Public Health Emergency News
On December 15th, the Dept. of Health Care Policy and Financing (HCPF) released an update on the Public Health Emergency (PHE) declared by the U.S. Dept. of Health and Human Services (HHS) in March 2020. The PHE was extended on October 13, 2022, for another 90 days by HHS. HHS says they will provide states with 60 days’ notice before ending the PHE. HCPF did not receive a notice from HHS in November which indicates that the PHE will likely be extended for another 90 days on January 11, 2023. That extension would end on April 11, 2023. HCPF states that if they don’t receive a 60-day notice by February 10th, they will expect the PHE to be renewed on April 11, 2023.
Why is this important?
When the PHE ending notice is received by HCPF, they have 14 months to complete the redetermination of eligibility for 1.6 million Medicaid recipients. This is a huge process involving your county human service office/social service office which processes the financial eligibility of every Medicaid recipient.

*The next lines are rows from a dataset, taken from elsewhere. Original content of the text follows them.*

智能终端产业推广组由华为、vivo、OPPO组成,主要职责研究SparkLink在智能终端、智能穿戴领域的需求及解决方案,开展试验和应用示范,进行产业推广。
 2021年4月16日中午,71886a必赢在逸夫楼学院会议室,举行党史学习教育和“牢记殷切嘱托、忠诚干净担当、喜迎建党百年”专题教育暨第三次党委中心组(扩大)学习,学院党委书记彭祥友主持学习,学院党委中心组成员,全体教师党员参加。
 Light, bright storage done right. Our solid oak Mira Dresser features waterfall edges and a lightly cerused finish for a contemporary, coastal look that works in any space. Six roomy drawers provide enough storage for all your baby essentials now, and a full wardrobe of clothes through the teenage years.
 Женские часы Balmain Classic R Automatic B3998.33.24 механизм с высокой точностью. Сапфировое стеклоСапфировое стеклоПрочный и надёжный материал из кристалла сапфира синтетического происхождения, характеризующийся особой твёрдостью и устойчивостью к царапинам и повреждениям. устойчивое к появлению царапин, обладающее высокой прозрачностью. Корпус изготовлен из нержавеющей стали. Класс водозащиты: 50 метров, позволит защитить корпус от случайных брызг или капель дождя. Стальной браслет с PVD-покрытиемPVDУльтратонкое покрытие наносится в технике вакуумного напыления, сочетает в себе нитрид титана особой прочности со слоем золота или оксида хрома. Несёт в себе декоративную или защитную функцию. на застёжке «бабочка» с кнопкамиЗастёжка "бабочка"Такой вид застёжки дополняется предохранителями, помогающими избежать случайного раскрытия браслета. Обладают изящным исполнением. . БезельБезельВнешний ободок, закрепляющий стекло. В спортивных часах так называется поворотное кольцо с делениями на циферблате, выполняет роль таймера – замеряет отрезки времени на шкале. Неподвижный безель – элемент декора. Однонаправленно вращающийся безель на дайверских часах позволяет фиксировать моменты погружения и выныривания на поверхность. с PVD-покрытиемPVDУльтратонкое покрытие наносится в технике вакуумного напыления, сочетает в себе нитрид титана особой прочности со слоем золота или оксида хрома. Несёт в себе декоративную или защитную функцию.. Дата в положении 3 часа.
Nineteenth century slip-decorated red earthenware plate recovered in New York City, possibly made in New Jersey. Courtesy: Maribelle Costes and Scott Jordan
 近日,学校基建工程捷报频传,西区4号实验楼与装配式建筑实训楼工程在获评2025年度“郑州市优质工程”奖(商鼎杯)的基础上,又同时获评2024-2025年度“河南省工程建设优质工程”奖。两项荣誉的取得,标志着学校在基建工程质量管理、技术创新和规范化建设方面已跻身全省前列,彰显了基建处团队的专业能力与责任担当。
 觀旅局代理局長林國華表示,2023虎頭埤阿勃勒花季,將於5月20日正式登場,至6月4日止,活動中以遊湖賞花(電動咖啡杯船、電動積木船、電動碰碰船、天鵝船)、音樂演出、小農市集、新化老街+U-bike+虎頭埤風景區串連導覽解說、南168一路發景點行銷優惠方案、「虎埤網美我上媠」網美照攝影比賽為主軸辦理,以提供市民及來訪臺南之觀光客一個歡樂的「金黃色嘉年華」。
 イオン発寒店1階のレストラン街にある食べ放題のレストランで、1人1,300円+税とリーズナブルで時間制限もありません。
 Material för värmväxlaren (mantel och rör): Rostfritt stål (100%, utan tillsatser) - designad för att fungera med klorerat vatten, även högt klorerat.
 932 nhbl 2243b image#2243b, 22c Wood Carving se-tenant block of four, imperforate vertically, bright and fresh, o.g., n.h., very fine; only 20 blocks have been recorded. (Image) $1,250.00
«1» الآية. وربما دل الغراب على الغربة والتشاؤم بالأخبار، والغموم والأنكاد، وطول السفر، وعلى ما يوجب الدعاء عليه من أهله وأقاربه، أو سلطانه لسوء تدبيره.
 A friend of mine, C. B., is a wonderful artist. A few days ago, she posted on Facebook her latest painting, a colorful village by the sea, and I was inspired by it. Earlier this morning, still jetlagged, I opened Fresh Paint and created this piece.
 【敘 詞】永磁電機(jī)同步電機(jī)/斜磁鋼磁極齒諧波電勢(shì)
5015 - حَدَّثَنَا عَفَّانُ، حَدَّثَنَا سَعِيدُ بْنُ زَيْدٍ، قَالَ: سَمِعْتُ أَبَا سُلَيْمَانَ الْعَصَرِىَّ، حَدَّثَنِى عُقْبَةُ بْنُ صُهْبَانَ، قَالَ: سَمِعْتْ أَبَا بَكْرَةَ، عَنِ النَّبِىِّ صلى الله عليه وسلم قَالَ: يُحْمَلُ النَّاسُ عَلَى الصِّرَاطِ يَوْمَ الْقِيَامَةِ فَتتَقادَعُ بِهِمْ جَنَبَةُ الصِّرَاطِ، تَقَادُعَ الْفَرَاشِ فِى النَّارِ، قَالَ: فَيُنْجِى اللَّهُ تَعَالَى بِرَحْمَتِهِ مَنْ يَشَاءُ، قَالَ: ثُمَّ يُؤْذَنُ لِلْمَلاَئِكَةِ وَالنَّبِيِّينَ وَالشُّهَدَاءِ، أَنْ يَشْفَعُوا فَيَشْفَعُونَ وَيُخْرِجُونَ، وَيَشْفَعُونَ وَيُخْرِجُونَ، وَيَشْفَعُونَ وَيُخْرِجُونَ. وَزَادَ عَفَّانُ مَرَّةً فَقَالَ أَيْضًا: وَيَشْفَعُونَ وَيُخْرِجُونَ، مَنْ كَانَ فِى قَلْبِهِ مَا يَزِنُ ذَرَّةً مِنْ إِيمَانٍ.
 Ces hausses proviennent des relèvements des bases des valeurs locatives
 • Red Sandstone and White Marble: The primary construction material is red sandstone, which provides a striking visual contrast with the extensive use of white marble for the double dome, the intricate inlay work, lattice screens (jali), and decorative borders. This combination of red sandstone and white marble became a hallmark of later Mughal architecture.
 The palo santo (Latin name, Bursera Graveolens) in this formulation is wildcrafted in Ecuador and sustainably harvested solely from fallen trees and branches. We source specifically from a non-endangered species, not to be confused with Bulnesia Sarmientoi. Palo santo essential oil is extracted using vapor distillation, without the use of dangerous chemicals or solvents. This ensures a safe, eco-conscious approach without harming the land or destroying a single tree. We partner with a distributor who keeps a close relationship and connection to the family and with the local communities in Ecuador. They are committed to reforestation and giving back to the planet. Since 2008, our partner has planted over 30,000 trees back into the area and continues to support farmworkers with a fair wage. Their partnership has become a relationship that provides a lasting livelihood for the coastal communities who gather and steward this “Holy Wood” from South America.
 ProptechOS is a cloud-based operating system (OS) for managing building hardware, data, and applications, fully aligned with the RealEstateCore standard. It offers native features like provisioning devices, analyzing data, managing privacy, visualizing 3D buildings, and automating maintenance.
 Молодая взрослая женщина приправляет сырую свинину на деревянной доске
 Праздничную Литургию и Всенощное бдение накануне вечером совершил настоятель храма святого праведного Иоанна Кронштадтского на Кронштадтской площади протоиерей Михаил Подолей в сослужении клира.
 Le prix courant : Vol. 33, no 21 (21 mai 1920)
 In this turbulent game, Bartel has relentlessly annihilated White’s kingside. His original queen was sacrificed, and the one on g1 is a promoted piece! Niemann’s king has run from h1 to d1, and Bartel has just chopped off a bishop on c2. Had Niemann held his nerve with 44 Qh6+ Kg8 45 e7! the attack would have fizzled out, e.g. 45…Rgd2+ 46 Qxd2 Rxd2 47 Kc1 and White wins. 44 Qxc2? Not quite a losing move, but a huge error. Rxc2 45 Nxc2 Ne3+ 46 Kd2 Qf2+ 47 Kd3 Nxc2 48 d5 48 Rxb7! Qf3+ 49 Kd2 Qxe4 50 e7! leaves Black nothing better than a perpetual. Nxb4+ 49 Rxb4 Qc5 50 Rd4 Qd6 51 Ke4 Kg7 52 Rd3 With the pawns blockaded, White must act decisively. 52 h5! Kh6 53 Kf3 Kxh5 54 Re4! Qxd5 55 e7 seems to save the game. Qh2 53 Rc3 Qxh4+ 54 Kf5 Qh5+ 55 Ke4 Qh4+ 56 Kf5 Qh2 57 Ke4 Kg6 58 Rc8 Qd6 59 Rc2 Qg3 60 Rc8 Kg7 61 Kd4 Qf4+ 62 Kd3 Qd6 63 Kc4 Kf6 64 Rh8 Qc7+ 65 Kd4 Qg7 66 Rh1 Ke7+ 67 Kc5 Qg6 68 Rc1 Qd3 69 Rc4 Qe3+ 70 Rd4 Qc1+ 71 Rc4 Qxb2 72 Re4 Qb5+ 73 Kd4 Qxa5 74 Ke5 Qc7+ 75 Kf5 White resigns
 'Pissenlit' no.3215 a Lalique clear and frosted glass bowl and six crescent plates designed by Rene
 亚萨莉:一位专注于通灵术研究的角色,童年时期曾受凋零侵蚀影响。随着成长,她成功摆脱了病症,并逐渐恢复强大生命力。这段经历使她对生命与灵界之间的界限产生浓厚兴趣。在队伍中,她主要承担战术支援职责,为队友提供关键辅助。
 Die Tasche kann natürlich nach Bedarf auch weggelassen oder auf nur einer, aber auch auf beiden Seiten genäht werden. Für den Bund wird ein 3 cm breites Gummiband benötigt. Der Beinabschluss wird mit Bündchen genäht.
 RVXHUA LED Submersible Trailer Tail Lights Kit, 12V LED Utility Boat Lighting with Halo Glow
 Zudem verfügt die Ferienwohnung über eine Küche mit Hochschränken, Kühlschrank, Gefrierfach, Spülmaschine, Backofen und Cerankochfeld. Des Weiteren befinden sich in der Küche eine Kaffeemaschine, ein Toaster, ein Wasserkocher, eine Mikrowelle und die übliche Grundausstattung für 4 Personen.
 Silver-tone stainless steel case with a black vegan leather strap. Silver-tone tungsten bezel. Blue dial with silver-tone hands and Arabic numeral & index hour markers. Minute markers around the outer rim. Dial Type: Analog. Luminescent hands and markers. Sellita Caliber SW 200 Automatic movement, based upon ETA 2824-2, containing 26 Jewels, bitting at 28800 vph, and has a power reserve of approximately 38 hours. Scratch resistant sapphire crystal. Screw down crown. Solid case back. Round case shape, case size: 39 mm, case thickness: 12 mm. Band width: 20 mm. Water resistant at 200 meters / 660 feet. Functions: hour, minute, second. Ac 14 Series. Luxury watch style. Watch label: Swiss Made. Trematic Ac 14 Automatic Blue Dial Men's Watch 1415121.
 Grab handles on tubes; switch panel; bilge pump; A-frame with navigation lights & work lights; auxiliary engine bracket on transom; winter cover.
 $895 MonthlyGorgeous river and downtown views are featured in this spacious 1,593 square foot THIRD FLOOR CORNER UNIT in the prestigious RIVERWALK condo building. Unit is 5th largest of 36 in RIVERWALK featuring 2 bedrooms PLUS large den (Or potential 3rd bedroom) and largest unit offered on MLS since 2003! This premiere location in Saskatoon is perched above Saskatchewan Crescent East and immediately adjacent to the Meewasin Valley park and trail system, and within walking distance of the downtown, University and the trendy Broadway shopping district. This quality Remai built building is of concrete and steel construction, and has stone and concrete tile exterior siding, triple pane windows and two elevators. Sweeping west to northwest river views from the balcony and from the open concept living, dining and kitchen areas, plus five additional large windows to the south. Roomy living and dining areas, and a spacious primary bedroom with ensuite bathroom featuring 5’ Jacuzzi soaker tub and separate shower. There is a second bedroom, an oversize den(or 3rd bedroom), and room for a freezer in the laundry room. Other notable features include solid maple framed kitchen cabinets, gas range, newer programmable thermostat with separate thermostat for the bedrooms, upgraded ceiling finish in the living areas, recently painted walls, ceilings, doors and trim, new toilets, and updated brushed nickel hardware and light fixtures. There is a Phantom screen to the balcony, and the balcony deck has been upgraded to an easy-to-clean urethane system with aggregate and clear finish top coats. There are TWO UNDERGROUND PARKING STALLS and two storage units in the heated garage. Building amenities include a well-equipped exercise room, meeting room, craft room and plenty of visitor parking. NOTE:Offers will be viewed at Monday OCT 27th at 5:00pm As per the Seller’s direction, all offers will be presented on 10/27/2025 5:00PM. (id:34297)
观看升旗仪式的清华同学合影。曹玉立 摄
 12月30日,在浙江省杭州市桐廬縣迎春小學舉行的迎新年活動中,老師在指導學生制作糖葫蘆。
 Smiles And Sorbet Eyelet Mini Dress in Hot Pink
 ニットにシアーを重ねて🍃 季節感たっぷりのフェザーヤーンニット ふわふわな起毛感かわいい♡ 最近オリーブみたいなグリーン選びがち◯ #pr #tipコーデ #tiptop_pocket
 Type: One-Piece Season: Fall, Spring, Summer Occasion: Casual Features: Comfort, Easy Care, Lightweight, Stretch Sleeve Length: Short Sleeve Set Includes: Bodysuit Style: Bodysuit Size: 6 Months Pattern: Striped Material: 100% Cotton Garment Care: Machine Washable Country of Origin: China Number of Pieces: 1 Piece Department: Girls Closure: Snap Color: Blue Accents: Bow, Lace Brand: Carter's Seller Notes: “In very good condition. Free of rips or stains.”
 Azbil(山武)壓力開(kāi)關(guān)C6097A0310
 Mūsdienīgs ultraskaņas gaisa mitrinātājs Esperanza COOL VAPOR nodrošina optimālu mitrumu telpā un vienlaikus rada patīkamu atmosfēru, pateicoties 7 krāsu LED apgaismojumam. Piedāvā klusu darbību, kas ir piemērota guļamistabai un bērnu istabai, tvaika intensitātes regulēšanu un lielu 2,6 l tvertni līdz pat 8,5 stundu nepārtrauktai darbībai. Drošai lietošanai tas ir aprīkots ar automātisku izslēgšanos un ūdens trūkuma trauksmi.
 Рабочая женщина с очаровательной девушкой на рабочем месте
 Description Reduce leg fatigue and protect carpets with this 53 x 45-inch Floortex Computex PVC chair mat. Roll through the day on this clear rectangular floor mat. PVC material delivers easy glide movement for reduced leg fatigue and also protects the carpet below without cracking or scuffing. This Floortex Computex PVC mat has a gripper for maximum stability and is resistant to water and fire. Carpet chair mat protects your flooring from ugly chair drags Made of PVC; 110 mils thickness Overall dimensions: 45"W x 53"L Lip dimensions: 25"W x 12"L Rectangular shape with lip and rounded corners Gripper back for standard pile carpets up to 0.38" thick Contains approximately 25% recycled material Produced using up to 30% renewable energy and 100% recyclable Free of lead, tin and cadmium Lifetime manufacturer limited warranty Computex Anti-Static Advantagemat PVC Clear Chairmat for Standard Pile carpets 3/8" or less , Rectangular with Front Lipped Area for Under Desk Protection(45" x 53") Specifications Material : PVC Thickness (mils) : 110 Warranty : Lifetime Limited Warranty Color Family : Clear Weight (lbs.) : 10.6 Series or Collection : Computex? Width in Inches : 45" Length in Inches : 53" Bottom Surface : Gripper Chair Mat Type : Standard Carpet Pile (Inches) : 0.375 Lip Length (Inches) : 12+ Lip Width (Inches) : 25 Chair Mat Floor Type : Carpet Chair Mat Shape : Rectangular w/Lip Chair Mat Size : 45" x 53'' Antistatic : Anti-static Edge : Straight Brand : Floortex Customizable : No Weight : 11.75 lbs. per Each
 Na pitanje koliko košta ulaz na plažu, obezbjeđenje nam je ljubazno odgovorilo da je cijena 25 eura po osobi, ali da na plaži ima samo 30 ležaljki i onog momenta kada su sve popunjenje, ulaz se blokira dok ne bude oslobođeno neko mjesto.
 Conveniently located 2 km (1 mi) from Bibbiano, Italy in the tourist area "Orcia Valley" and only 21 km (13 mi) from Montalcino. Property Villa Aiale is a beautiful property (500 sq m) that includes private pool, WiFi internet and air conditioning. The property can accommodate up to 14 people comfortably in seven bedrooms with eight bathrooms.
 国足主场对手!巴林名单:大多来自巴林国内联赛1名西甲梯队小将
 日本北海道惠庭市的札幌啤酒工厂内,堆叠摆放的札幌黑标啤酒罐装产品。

All Medicaid recipients should ensure that their current address and other contact information are up to date in the Medicaid system. Recipients will receive their redetermination packets by MAIL and these packets are time-sensitive. Let’s remember that counties and states have not done very many eligibility packets since March 2020 and the state anticipates up to 800,000 Medicaid recipients could lose their benefits.
How will people potentially lose benefits? Many people have moved and did not update their address in the Medicaid system and won’t get their packet. Failure to return a packet will result in Medicaid eligibility termination (however, you can always reapply). Some people will no longer be financially eligible for Medicaid and will lose benefits. Some may no longer meet the waiver requirements and long-term care screens and will lose Medicaid. We cannot stress enough the importance of returning your redetermination packets on time with all of the information requested to ensure that services and eligibility are not interrupted.
Community First Choice Waiver
HCPF continues to meet with a small stakeholder group concerning their plan for Community First Choice services. They intend to start Community First Choice on July 1, 2025, and when it starts both IHSS and CDASS will be two of the services offered. HCPF is asking for stakeholder feedback on the CFC stakeholder group meetings. If you have attended any of the meetings, please use this link for a survey from HCPF.
Case Management Redesign
HCPF intends to start piloting the new Assessment and Support Planning Tool in Spring 2023 and will be training case managers to utilize the tool. PLEASE BE AWARE: This tool can be considerably longer than any previous assessment tool but does have opportunities to skip sections. If someone does the entire assessment and support plan, it could take up to 4 hours to complete. This can be completed in more than one session if need be. During the development of this tool, there was testing on existing clients to determine how this new tool might affect their eligibility. There were many changes made to try to ensure that the tool was equitable in determining eligibility.
HCPF will be releasing a Request for Proposals for case management agencies to respond to. HCPF intends to create a more streamlined case management system and there will be only one case management agency in each of the 20 catchment areas HCPF has decided on. That means that the state will go from 44+ case management agencies to just 20. They will release the RFP after the first of the year and all 20 catchment areas will be operating by July 1, 2024. This is a big change. For those of you who have worked with small private case management agencies, it has not been determined yet if they will still be able to provide those services. We have advocated to keep these small agencies because they provide valuable expertise for children’s services that is not always available at the larger case management agencies. More to come as it plays out.
We have been attending the HCPF briefings of the Joint Budget Committee (JBC) and have submitted many questions concerning the HCPF budget proposal. There are services that PASCO consumers utilize through other agencies, like day programs. Some services have not had sufficient funding for them to be viable entities. The JBC is asking about the equity in funding Medicaid services and we will continue to provide information and questions to JBC members so they can make informed decisions about the budget. The JBC only has one holdover member for this legislative session and 5 new members. The Advocacy Team and our association, CLASP, are setting meetings up so we can educate JBC members and offer our expertise regarding home health, home care, and IDD services. The legislature convenes its 120-day session on January 9, 2023. Every month through May, we will provide information on bills that affect home health, home care, and IDD services.
We have asked the JBC to require HCPF to provide information on how the two Utilization Management agencies are performing their jobs. KEPRO and Telligen continue to deny services or cut services that people with disabilities need. If you are receiving PAR denials due to the review by these two entities, you have the right to appeal their decision.